- [Try it]: Faithfully repeat all of the records, as they are written below.

╭─ Supplied records

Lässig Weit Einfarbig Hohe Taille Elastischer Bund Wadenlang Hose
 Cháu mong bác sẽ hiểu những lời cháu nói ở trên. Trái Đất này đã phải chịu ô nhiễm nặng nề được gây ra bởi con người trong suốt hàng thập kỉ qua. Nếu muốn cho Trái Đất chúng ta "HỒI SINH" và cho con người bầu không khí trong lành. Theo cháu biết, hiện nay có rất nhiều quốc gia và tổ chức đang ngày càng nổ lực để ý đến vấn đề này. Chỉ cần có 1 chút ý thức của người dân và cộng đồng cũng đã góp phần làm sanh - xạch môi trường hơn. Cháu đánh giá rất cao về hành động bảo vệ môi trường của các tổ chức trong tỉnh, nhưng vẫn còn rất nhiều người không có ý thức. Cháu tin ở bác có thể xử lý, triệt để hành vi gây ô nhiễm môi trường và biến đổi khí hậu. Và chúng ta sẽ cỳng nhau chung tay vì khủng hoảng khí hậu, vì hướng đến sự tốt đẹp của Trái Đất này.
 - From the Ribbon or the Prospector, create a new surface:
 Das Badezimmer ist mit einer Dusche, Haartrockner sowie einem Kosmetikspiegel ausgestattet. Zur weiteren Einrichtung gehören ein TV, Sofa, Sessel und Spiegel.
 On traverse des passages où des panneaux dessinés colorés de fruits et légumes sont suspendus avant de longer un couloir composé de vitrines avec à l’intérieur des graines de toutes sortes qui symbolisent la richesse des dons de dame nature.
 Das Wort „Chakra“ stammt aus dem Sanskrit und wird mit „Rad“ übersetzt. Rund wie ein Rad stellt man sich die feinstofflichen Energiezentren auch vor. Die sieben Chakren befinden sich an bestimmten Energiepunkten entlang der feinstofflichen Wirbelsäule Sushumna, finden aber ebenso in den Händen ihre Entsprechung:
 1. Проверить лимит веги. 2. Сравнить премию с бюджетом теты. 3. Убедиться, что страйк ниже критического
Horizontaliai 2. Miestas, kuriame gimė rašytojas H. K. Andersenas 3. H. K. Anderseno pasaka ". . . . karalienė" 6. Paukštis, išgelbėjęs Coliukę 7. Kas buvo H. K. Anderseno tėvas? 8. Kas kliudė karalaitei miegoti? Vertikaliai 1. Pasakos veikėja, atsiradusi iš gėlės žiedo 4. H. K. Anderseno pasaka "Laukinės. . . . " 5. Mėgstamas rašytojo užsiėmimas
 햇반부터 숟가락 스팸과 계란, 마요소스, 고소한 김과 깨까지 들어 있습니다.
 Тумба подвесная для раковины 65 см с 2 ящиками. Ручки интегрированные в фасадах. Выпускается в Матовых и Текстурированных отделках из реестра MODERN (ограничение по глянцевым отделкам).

╰─

- [Response area]:
Lässig Weit Einfarbig Hohe Taille Elastischer Bund Wadenlang Hose
 Cháu mong bác sẽ hiểu những lời cháu nói ở trên. Trái Đất này đã phải chịu ô nhiễm nặng nề được gây ra bởi con người trong suốt hàng thập kỉ qua. Nếu muốn cho Trái Đất chúng ta "HỒI SINH" và cho con người bầu không khí trong lành. Theo cháu biết, hiện nay có rất nhiều quốc gia và tổ chức đang ngày càng nổ lực để ý đến vấn đề này. Chỉ cần có 1 chút ý thức của người dân và cộng đồng cũng đã góp phần làm sanh - xạch môi trường hơn. Cháu đánh giá rất cao về hành động bảo vệ môi trường của các tổ chức trong tỉnh, nhưng vẫn còn rất nhiều người không có ý thức. Cháu tin ở bác có thể xử lý, triệt để hành vi gây ô nhiễm môi trường và biến đổi khí hậu. Và chúng ta sẽ cỳng nhau chung tay vì khủng hoảng khí hậu, vì hướng đến sự tốt đẹp của Trái Đất này.
 - From the Ribbon or the Prospector, create a new surface:
 Das Badezimmer ist mit einer Dusche, Haartrockner sowie einem Kosmetikspiegel ausgestattet. Zur weiteren Einrichtung gehören ein TV, Sofa, Sessel und Spiegel.
 On traverse des passages où des panneaux dessinés colorés de fruits et légumes sont suspendus avant de longer un couloir composé de vitrines avec à l’intérieur des graines de toutes sortes qui symbolisent la richesse des dons de dame nature.
 Das Wort „Chakra“ stammt aus dem Sanskrit und wird mit „Rad“ übersetzt. Rund wie ein Rad stellt man sich die feinstofflichen Energiezentren auch vor. Die sieben Chakren befinden sich an bestimmten Energiepunkten entlang der feinstofflichen Wirbelsäule Sushumna, finden aber ebenso in den Händen ihre Entsprechung:
 1. Проверить лимит веги. 2. Сравнить премию с бюджетом теты. 3. Убедиться, что страйк ниже критического
Horizontaliai 2. Miestas, kuriame gimė rašytojas H. K. Andersenas 3. H. K. Anderseno pasaka ". . . . karalienė" 6. Paukštis, išgelbėjęs Coliukę 7. Kas buvo H. K. Anderseno tėvas? 8. Kas kliudė karalaitei miegoti? Vertikaliai 1. Pasakos veikėja, atsiradusi iš gėlės žiedo 4. H. K. Anderseno pasaka "Laukinės. . . . " 5. Mėgstamas rašytojo užsiėmimas
 햇반부터 숟가락 스팸과 계란, 마요소스, 고소한 김과 깨까지 들어 있습니다.
 Тумба подвесная для раковины 65 см с 2 ящиками. Ручки интегрированные в фасадах. Выпускается в Матовых и Текстурированных отделках из реестра MODERN (ограничение по глянцевым отделкам).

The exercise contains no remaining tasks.